:: Data to process ::

== == ==

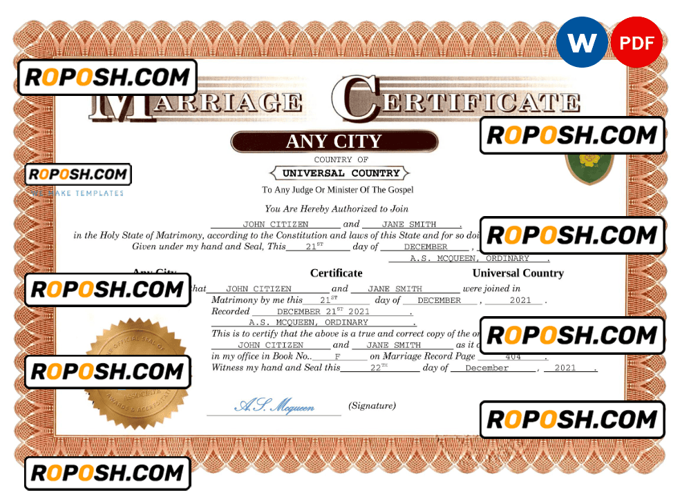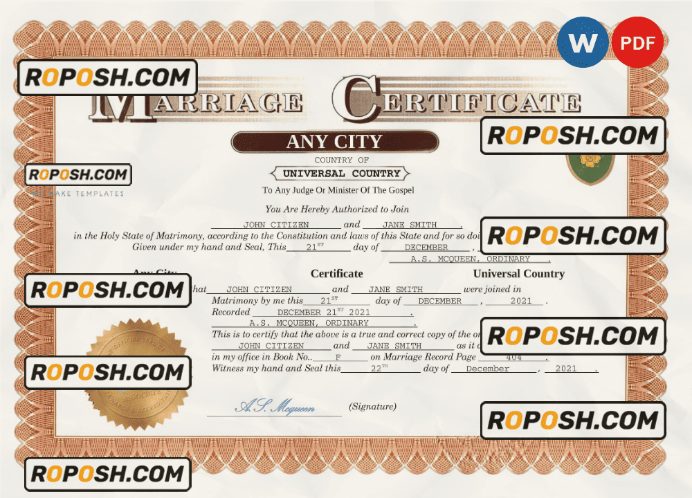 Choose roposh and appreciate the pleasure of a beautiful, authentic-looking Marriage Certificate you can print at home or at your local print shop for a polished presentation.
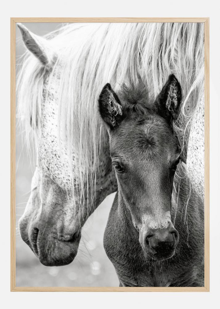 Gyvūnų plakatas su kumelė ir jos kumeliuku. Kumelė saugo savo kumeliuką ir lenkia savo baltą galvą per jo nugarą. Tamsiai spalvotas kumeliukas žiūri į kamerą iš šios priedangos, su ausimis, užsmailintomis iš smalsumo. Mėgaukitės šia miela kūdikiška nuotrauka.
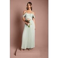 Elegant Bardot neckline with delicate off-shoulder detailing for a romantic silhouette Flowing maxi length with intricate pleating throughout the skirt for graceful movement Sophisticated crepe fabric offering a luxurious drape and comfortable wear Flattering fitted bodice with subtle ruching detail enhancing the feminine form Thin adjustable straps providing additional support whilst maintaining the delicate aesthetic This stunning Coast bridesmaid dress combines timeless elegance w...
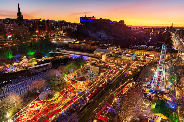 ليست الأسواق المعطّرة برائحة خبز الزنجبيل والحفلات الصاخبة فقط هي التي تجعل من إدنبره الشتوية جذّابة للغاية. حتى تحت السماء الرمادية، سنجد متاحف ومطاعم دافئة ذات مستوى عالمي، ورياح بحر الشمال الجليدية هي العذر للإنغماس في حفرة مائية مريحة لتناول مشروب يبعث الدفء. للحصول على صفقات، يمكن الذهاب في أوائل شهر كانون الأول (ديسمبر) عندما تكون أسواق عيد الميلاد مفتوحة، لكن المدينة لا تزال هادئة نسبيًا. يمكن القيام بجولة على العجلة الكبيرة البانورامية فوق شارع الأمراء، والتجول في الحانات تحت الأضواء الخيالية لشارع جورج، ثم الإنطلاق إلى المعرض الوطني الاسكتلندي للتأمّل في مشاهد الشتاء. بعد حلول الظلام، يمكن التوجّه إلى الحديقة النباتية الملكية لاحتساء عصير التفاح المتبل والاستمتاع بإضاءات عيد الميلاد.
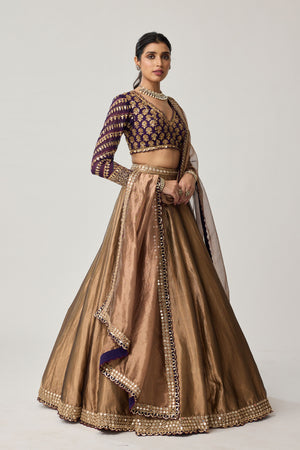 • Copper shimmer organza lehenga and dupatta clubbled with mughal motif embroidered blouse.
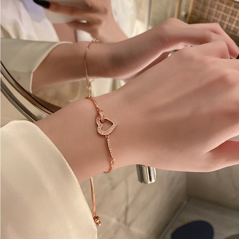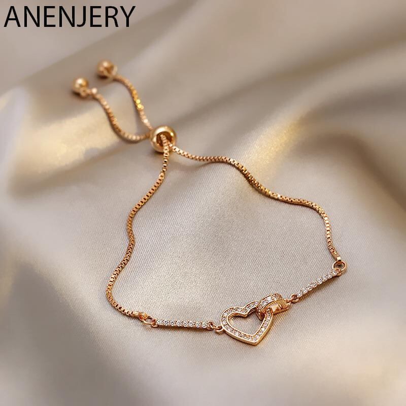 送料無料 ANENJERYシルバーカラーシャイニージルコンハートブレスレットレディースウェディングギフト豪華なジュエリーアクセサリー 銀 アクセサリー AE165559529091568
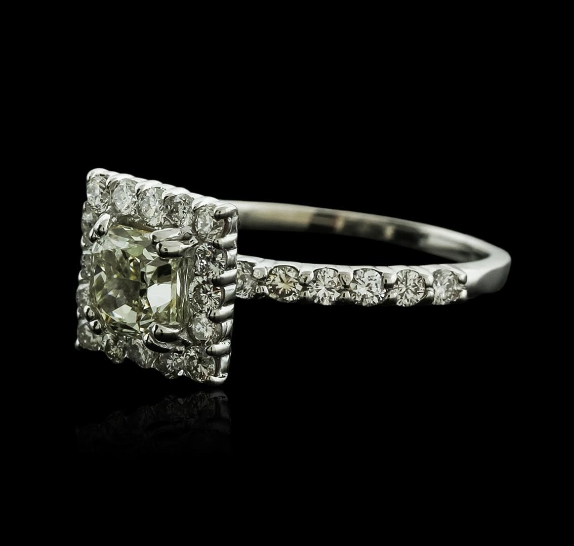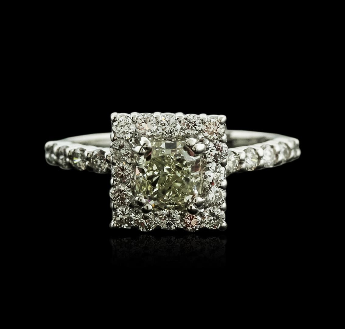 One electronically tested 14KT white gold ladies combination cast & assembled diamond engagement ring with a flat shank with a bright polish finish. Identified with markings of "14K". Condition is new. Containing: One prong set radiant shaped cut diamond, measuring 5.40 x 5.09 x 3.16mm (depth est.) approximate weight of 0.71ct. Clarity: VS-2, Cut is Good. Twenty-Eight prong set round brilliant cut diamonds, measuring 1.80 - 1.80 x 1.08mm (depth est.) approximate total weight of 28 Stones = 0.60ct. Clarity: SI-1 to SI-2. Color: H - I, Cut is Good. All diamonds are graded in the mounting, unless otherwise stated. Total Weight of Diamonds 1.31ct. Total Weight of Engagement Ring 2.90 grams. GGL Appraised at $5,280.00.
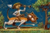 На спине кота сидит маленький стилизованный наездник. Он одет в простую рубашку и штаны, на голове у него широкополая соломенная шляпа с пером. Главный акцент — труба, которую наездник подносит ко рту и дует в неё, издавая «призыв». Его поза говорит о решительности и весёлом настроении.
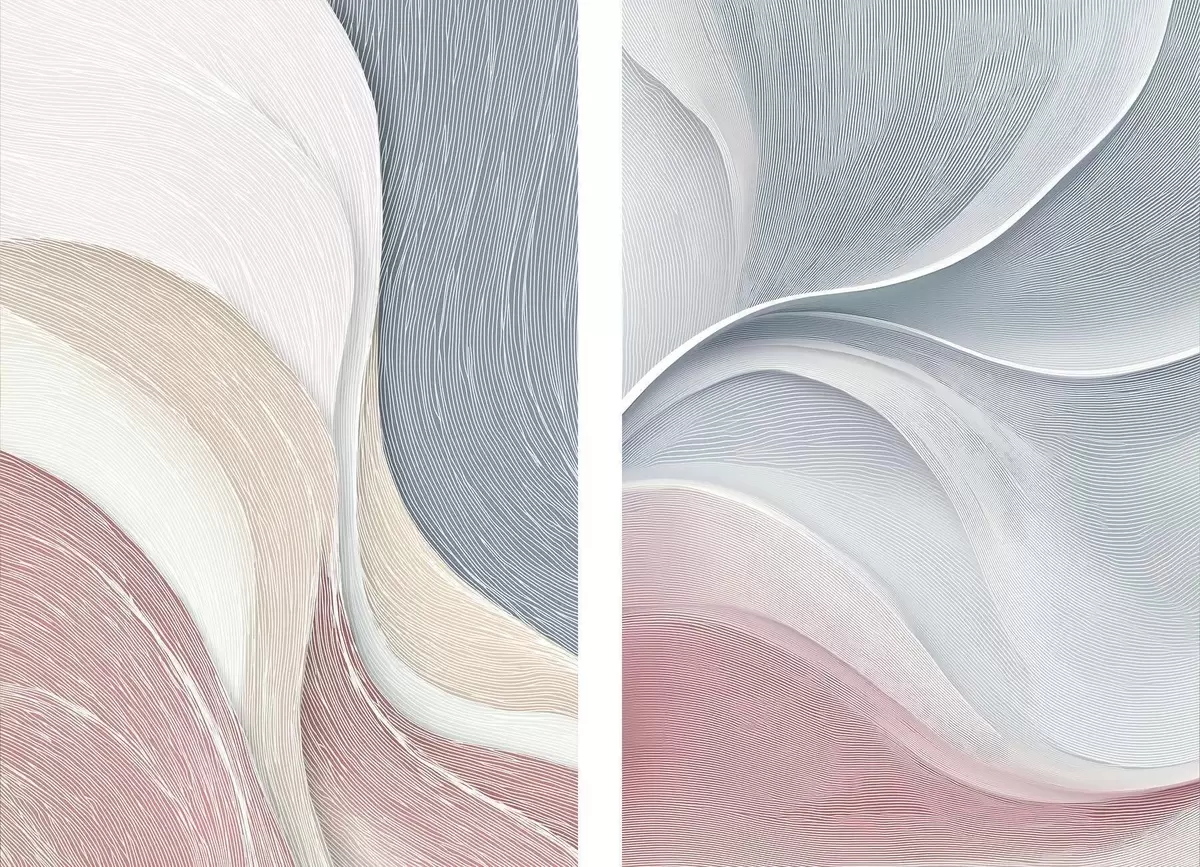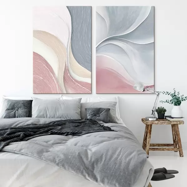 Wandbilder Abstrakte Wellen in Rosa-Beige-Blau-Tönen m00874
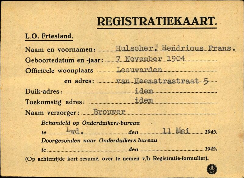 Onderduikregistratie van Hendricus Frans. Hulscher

== == ==

:: About this exercise ::
Exactly the lines from the one that contains "На спине кота" through the final line of the records above are needed, given again word for word, with every picture left out.

:: Finished task ::
 На спине кота сидит маленький стилизованный наездник. Он одет в простую рубашку и штаны, на голове у него широкополая соломенная шляпа с пером. Главный акцент — труба, которую наездник подносит ко рту и дует в неё, издавая «призыв». Его поза говорит о решительности и весёлом настроении.
 Wandbilder Abstrakte Wellen in Rosa-Beige-Blau-Tönen m00874
 Onderduikregistratie van Hendricus Frans. Hulscher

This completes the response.